*Listed records*.
________________________________________

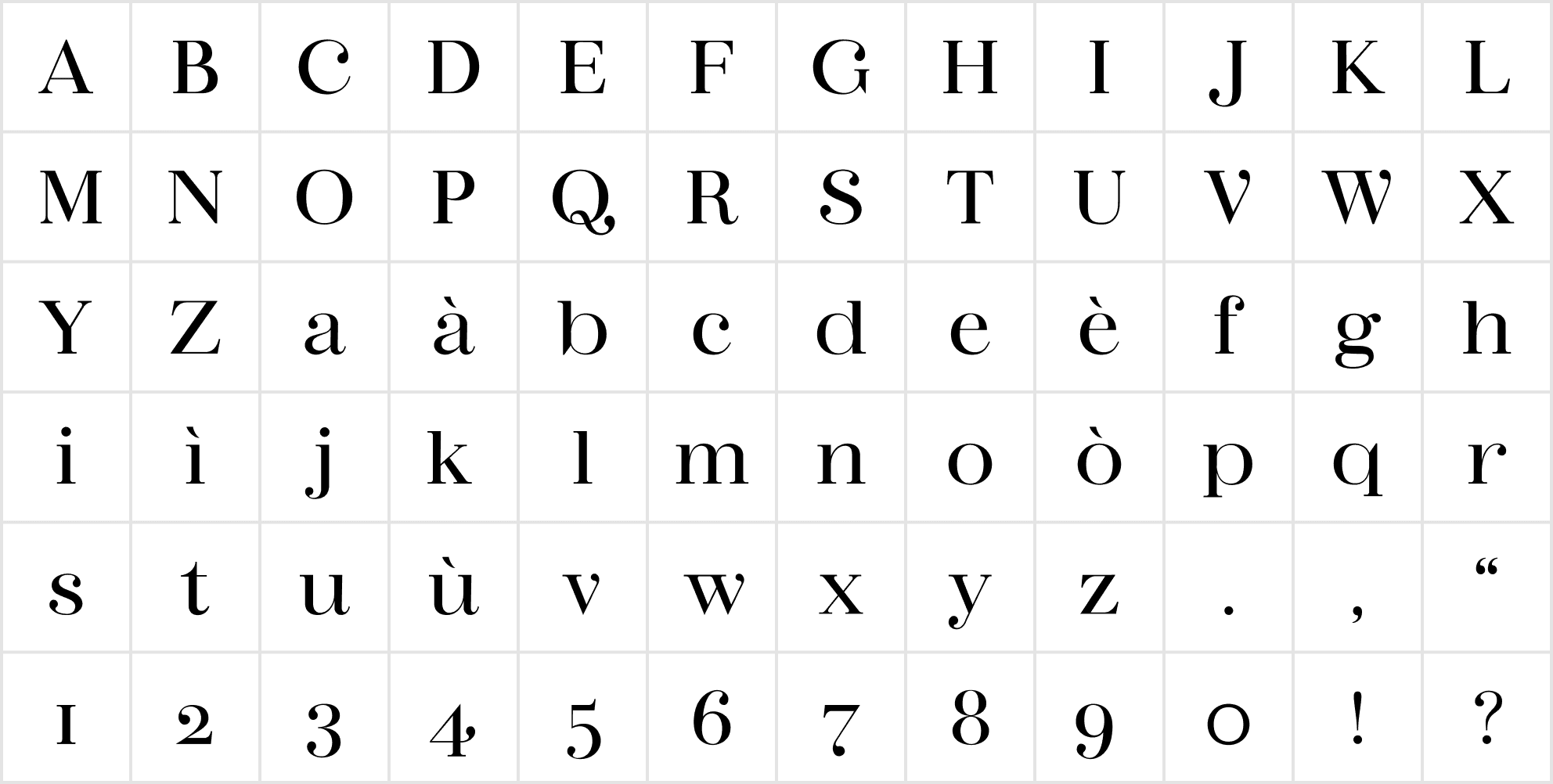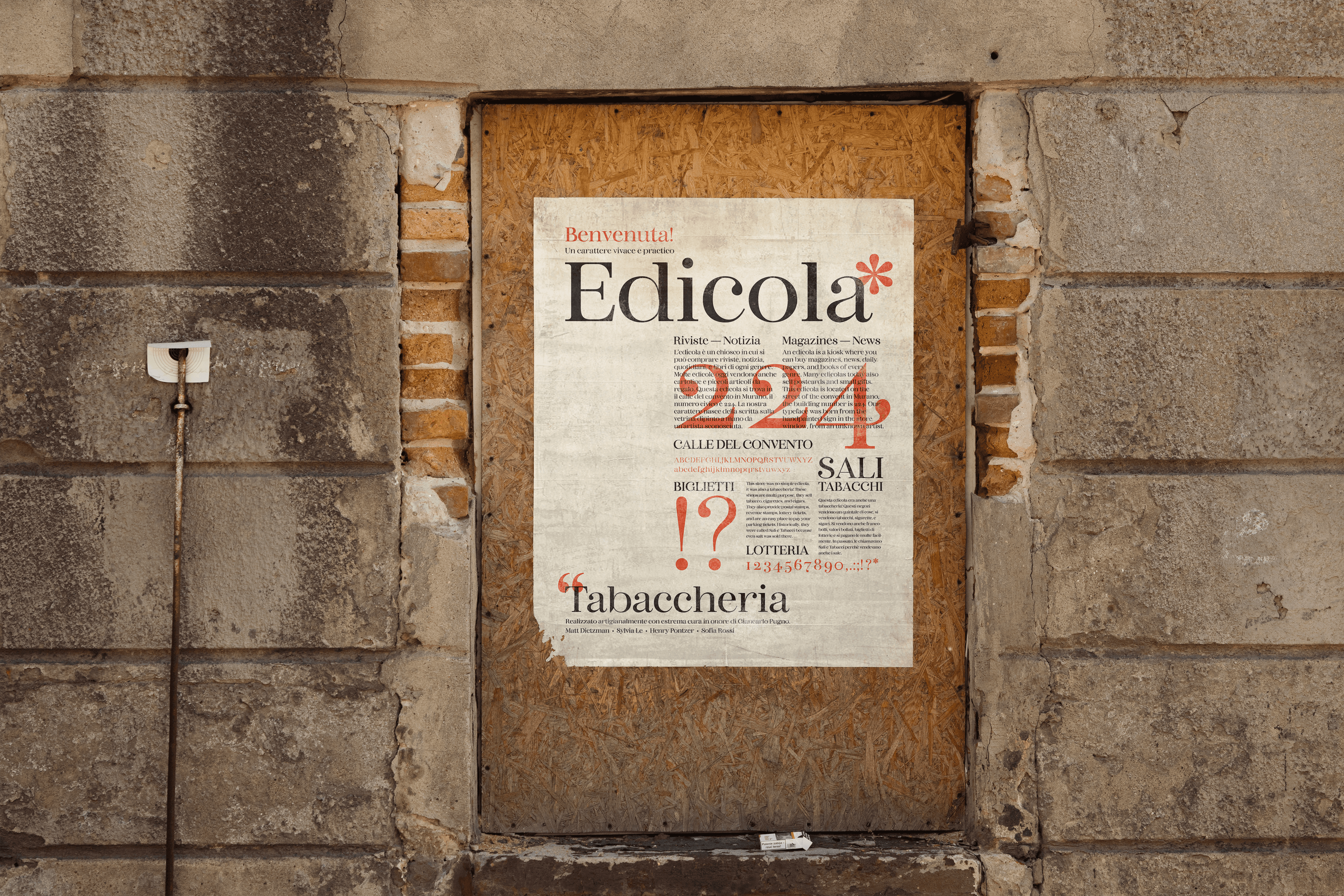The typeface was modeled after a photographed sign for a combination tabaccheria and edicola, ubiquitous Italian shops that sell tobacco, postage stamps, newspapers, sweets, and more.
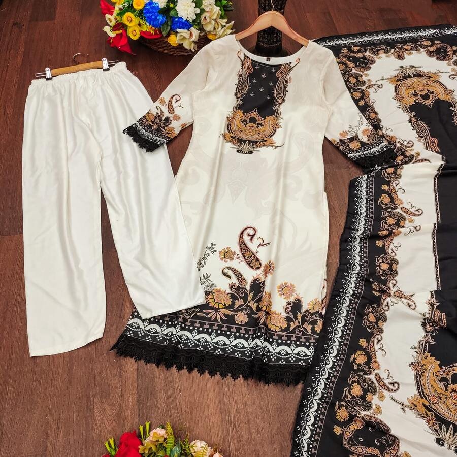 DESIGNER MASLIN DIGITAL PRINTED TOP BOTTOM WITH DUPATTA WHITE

________________________________________

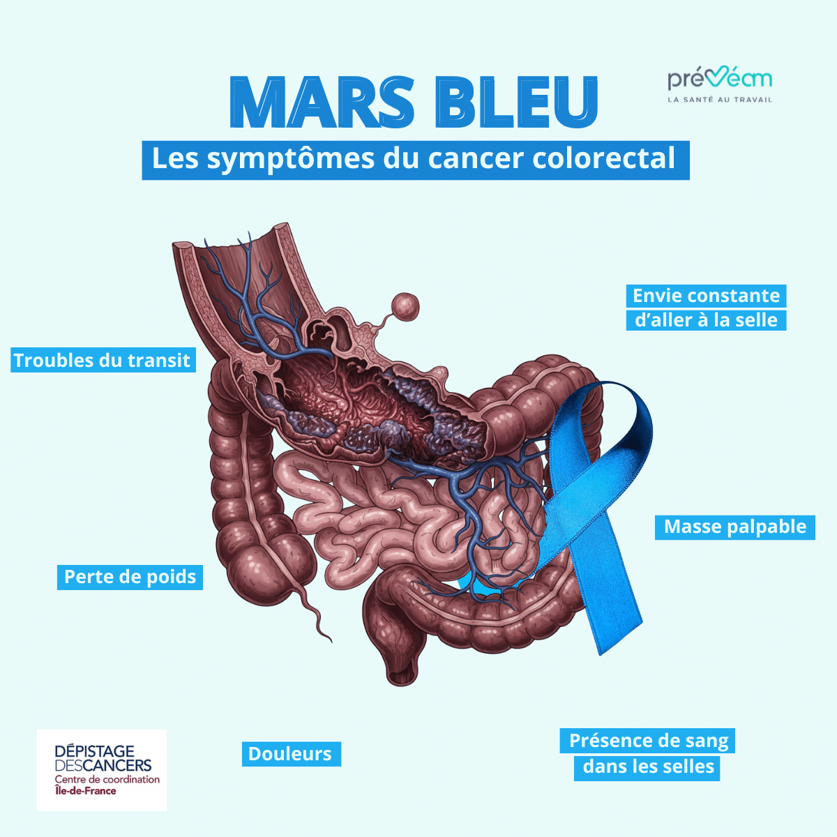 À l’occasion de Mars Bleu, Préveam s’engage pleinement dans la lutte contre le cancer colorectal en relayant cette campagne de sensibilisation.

________________________________________

Please return the material above only from the line that holds "The typeface was" through the line that holds "DESIGNER MASLIN DIGITAL", exactly as it stands, ends included and pictures omitted.

*Expected answer*.
The typeface was modeled after a photographed sign for a combination tabaccheria and edicola, ubiquitous Italian shops that sell tobacco, postage stamps, newspapers, sweets, and more.
 DESIGNER MASLIN DIGITAL PRINTED TOP BOTTOM WITH DUPATTA WHITE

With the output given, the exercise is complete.